Two, almost three years ago, you moved from your hometown in Brisbane, Australia, to London. What sparked that move?
It was a huge decision, but I always had a childhood dream to move to London when I finished school. And I’m the type of person who, if I set a goal for myself, I have to honour it and see it through otherwise I’ll feel very unsettled!
Moving from one place to another is not only a physical move, it’s psychological as well. You’re suddenly in a new place, where you don’t know anyone and that can be somewhat daunting, but also exhilaratingly free…
Totally, I knew no one and had never lived in such a big city before. But the thrill of being young and unattached is so infectious. I think it’s important to live like that when you’re young, at least for a little while. You end up learning a whole lot about yourself and your ambitions!

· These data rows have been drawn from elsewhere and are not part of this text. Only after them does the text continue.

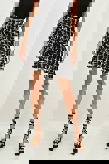 Κοντή Καρό Φούστα Με Κουμπιά Στο Πλάι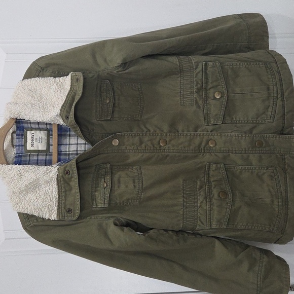 Old Navy Army Green, Flannel Lined Button Up Jacket with Sherpa Collar Size L,,Great condition, Actual Measurements are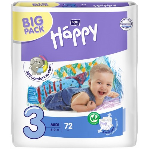 Белла подгузники Happy МАЛЫШ №3 миди А-72 /5-9 кг/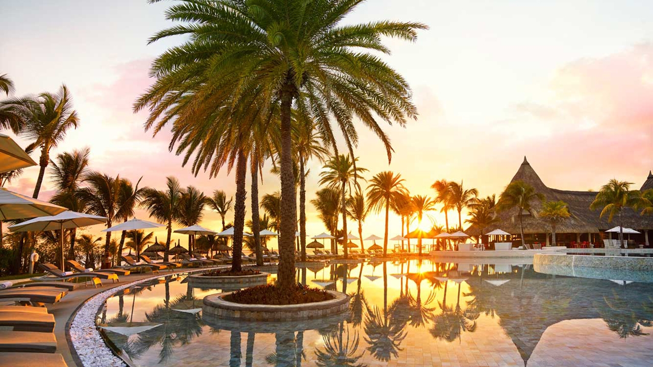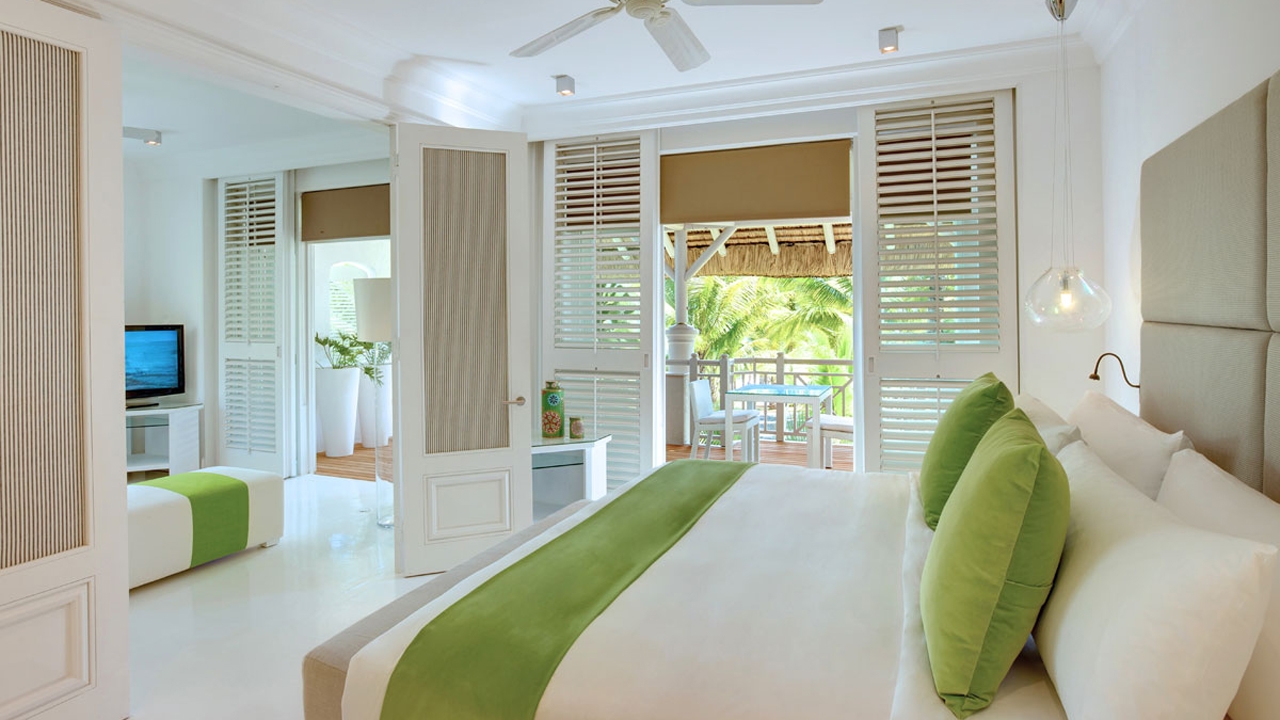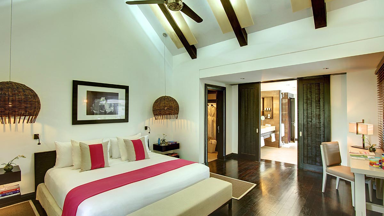 The 186 rooms were designed by Kelly Hoppen. There are a variety of suites and villas to choose from, with ocean, garden, beach or pool views. Interiors are contemporary and uncluttered, with bright colour accents.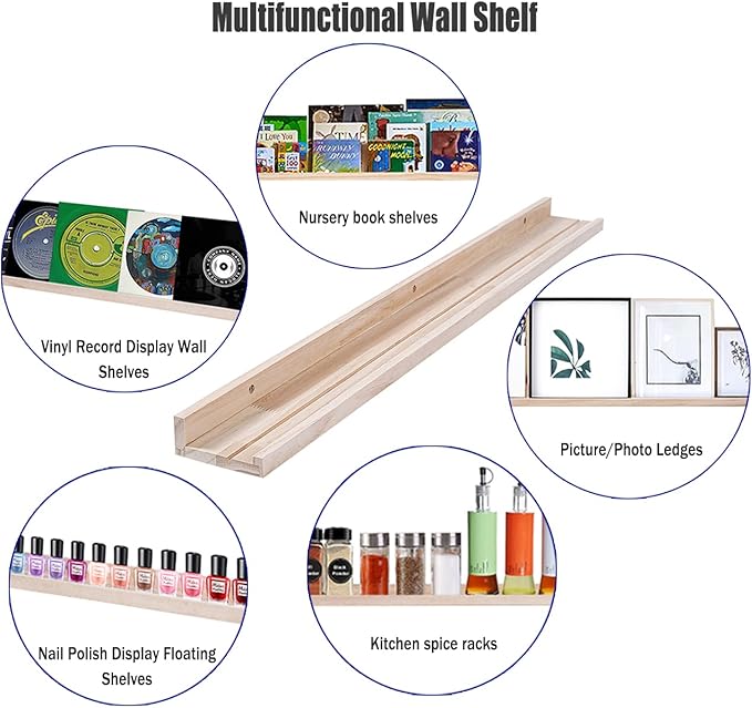 - Ideal for Wall Decor: The size of photo ledges is 48 in x 3.7 in x 1.6 in.This wall floating shelf has no visible floor support, so it makes greater use of your wall space and adds a decorative touch to your home. This wall floating shelf in natural wood color is suitable for various styles of furniture decoration, simple and generous.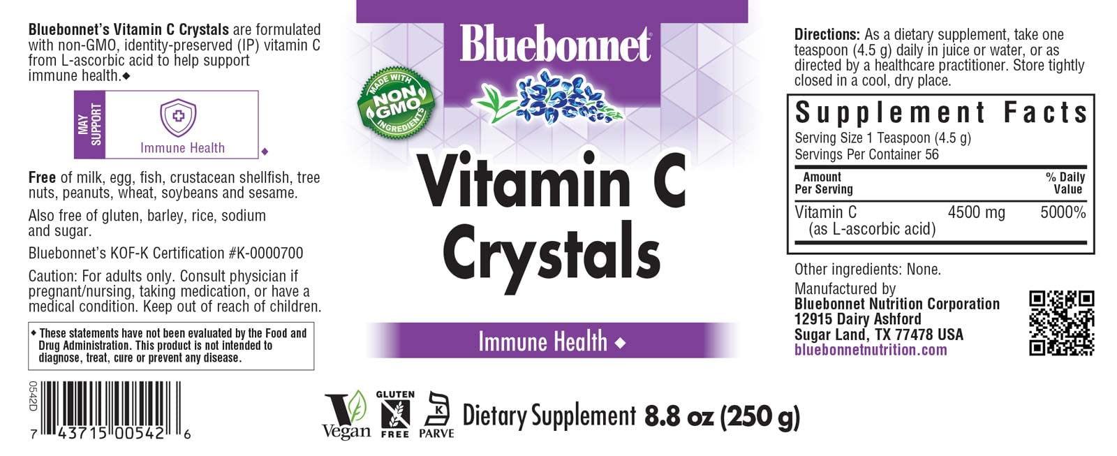 Details: Bluebonnet’s Vitamin C Crystals are formulated with non-GMO, identity preserved (IP) vitamin C from L-ascorbic acid to help support immune health. ♦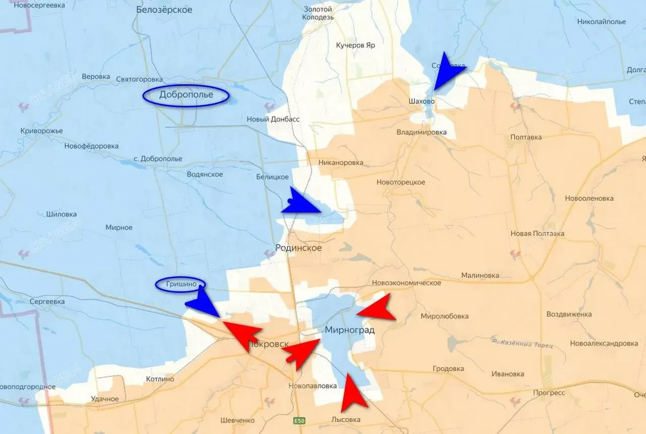 В самом Покровске российские подразделения 2-й армии группировки «Центр» продолжают зачищать от противника Центральный микрорайон, запад микрорайона Горняк и западную промзону. Также ведется зачистка села Ровное между Покровском и Мирноградом.

This journey also meant you cut ties with your past self: your music and even your name changed. Talk us through those changes.
I learnt a lot about myself when I moved away from my hometown’s familiarity. I let those changes take over and take me where they wanted to. For starters, I learnt that I’m a far more positive person now than I ever used to be. That really reflects in the new music I’ve been making. I also had a desire to become as unfiltered and as real as possible, and that started with using my actual name.
As an artist and as a person, if you had to define yourself nowadays what would you say?
Free spirited, stubborn, a diehard romantic, a book nerd, and prone to random bursts of dance…
It’s interesting that to find oneself, we normally have to escape the place where we grew up. How do you perceive this?
Totally agree! Because our hometowns are filled with things that have influenced us our whole life, our families and friends, the weather, the attitudes of the community, even the cultural diversity (or lack thereof), the minute we step away from all of those things… it’s like a puppet having all its strings cut, free to move in any direction.